▶ [WORK REQUEST] With pictures left out, output exactly the lines of the listing below from the line that has "Complimentary from lambsivy" to the line that has "当地时间12月8日,英国伦敦,当地举办圣诞老人慈善跑。(图片来源:视觉中国)", both lines kept.

▶ [GIVEN RECORDS]
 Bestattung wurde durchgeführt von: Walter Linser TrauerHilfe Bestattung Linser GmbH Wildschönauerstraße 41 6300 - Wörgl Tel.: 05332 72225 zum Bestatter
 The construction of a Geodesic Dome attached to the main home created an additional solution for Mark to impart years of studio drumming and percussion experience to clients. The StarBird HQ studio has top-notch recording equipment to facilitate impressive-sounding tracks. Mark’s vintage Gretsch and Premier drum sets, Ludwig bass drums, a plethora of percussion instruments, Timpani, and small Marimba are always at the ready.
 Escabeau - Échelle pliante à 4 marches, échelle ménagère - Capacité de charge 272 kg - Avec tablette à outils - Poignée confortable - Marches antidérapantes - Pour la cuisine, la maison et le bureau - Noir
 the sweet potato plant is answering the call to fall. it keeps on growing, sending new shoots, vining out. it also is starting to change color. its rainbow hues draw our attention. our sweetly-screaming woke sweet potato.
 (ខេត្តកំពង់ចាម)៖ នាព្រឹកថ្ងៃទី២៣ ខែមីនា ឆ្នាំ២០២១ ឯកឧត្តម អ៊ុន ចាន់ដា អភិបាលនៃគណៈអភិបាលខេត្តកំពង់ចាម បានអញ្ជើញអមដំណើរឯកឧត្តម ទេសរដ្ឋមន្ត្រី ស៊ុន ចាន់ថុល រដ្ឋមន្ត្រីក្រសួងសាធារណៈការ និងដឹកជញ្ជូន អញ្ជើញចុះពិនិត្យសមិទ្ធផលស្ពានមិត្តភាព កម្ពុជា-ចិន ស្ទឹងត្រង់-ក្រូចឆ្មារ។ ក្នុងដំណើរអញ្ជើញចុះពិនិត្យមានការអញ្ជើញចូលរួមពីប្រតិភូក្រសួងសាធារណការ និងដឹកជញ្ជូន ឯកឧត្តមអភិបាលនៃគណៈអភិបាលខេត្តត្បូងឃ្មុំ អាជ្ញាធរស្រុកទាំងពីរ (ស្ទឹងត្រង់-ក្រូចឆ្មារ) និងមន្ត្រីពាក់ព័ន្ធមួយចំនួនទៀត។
--
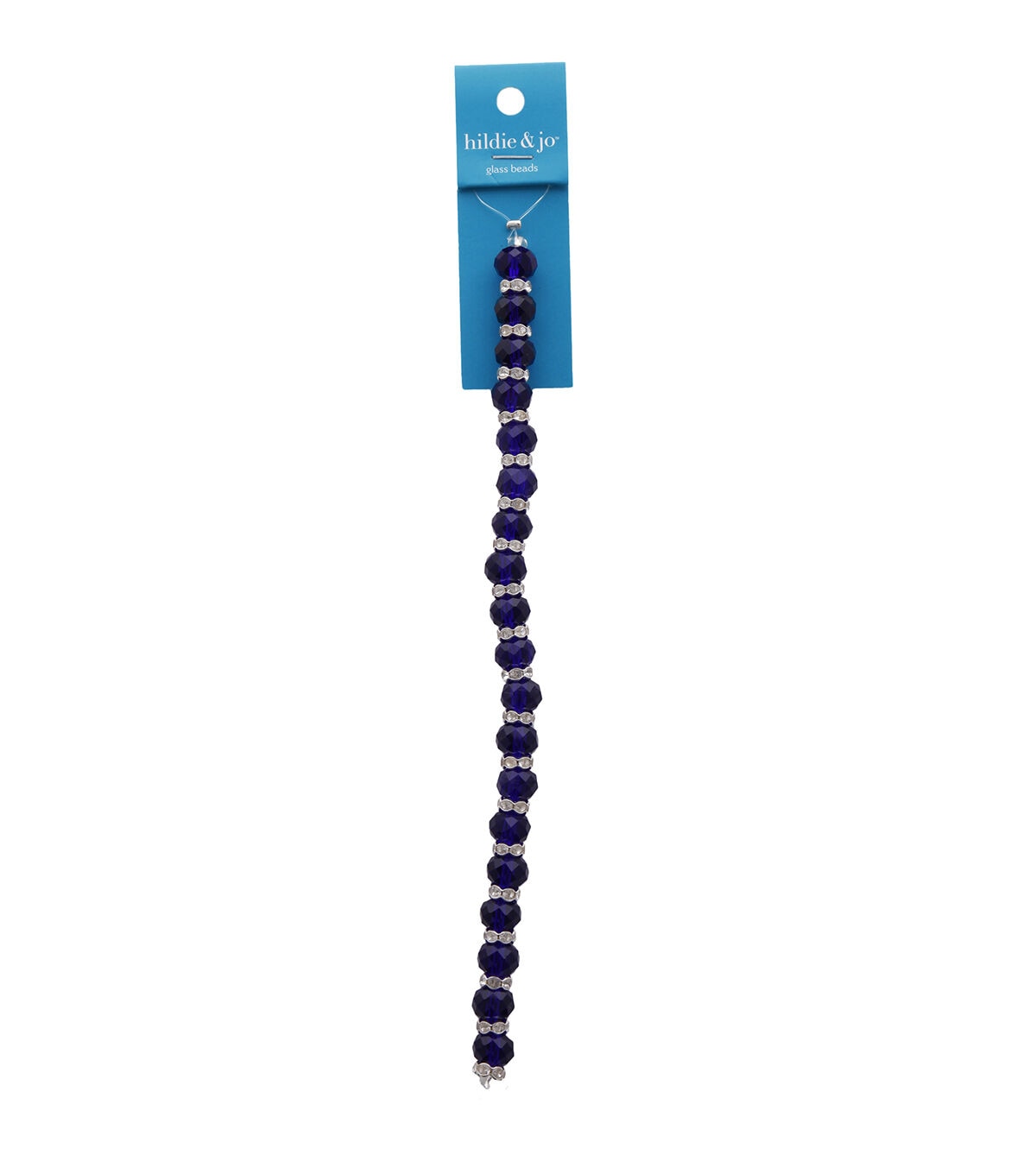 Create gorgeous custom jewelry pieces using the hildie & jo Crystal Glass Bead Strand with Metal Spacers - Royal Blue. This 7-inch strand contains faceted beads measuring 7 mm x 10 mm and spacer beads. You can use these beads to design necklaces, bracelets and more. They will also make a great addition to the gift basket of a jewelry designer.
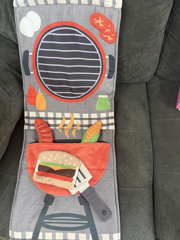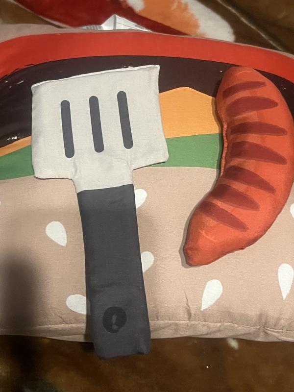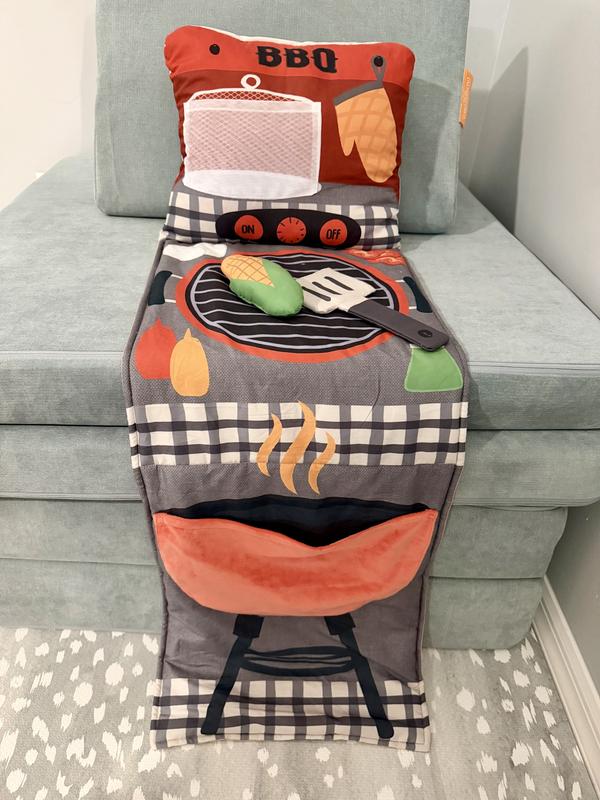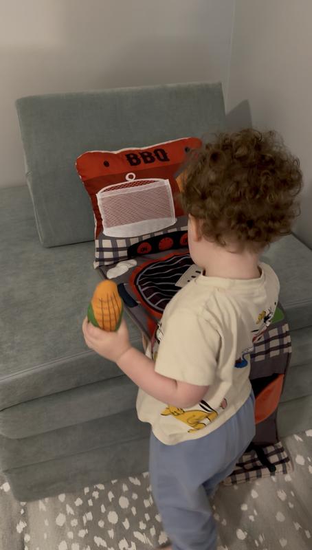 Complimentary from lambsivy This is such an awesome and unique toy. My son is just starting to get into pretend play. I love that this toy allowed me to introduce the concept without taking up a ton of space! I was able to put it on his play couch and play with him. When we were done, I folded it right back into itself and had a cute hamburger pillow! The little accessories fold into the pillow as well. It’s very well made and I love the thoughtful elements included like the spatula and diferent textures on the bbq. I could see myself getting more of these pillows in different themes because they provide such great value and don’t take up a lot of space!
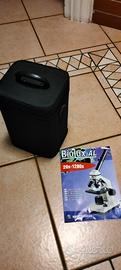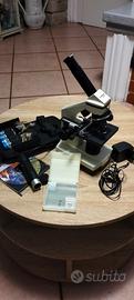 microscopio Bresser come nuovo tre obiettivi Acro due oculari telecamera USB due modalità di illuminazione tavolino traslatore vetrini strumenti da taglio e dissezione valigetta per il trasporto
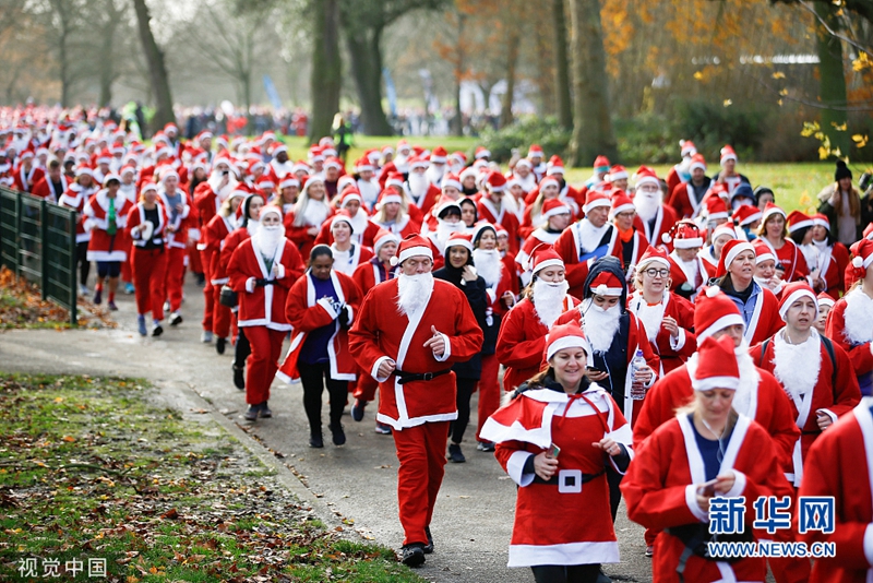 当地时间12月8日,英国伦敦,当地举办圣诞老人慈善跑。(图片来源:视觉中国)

▶ [ANSWER FOR THIS EXERCISE]
 Complimentary from lambsivy This is such an awesome and unique toy. My son is just starting to get into pretend play. I love that this toy allowed me to introduce the concept without taking up a ton of space! I was able to put it on his play couch and play with him. When we were done, I folded it right back into itself and had a cute hamburger pillow! The little accessories fold into the pillow as well. It’s very well made and I love the thoughtful elements included like the spatula and diferent textures on the bbq. I could see myself getting more of these pillows in different themes because they provide such great value and don’t take up a lot of space!
 microscopio Bresser come nuovo tre obiettivi Acro due oculari telecamera USB due modalità di illuminazione tavolino traslatore vetrini strumenti da taglio e dissezione valigetta per il trasporto
 当地时间12月8日,英国伦敦,当地举办圣诞老人慈善跑。(图片来源:视觉中国)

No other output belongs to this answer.